428.32	As the ghostly outline of Al Eldridge moves across the screen	POOL::HALLYB	The Smart Money was on Goliath	`Wed Mar 22 1989 14:24`	7
	Interesting that the difference between 65536 and 64960 is exactly 576, a segment buffer size. Any bets that there's some 16-bit arithmetic going on somewhere? And Steve was getting effectively no "pipelining"? John
428.33		STAR::MFOLEY	Rebel without a Clue	`Wed Mar 22 1989 15:07`	8
	RE: .31 32767 is what the DFS folks reccomend for DECnet pipeline quota. (At least when I managed their cluster that's what it was) mike
428.34	It's a bug in DECnet-VAX	BULEAN::CARSON	Knockwurst & Excommunications	`Tue Apr 25 1989 15:25`	10
	.32 is correct. A calculation using a DIVW thinks your pipeline quota is a small negative number. This is fixed in a future release. We will make a patch available to NCSS if anyone really needs 16 bits of Pipeline Quota. Pete Carson DECnet-VAX SW Maint. Eng.
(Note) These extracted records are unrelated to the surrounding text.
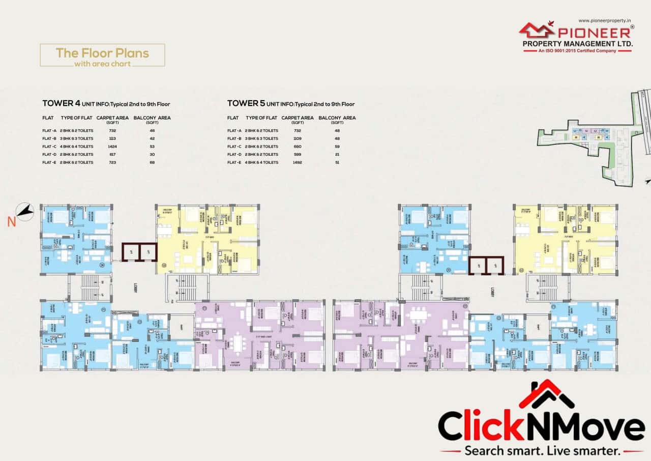 • Height of Tower :B + G + 9 & G + 4
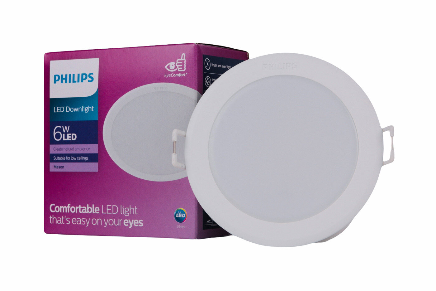 **Светильник точечный светодиодный встраиваемый Philips «Meson»** — надежная и простая в эксплуатации модель, которая монтируется в пустотелую поверхность, в том числе подвесной потолок. Рассчитана на монтаж под отверстие 80 мм. Конструктивные части выполнены из пластика и металла. Отлично подходит для помещений разного назначения. Малые габариты и особая конструкция позволяет использовать такой источник света практически повсеместно. Прибор формирует нейтральный белый свет, который не перенапрягает зрение, обеспечивает комфортную обстановку. Луч сфокусированный, с небольшим углом рассеивания — это позволяет использовать светильник для организации дизайнерского интерьера.
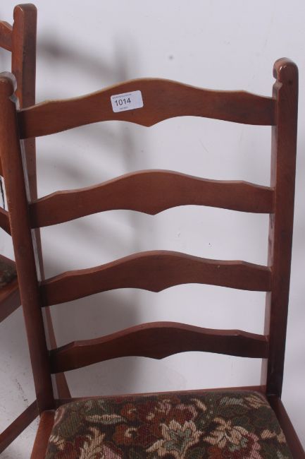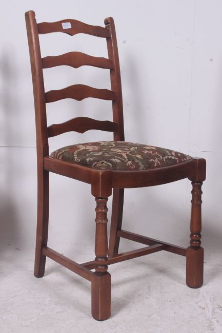 A set of 4 mid 20th century ladderback dining chairs with tapestry drop in seats and wavey ladder back rests. Measures: 94cms x 45cms x 42cms.

428.35	Need some help in tracking a problem	6317::FEATHERSTON	Ed Featherston	`Fri May 12 1989 12:17`	16
	I've used the program posted in earlier in the replies to verify a problem I am having with running client apps on either of 2 8800's to display any of the workstations in my group running DECWindows. If I use the program, I get elapsed times of anywhere between 30 seconds to several minutes. This is on either 8800 (plenty of null time when running the program), and doens't depend on the display system (I have tried both VS-II's and VS-2000's). To verify it wasn't the workstations I ran the program on a uVAX-II and a VAX-6240. I consistently get an elapsed time between 20-22 seconds on both those systems. The 8800's are clustered together, VMS 5.1, 128MB each. PIPELINE QUOTA is 40000, receive buffers 20. Lots of free NPAGEDYN, SRP, IRP, and LRP's. I am tearing my hair out trying to find the cause. Any suggestions of where to look would be greatly appreciated. Thanks. /ed/
428.36		STAR::BRANDENBERG	Si vis pacem para bellum	`Fri May 12 1989 12:20`	5
	Drop PIPELINE down to 25000 as any more is meaningless. Once a client has connected, check link counters for anything 'interesting'.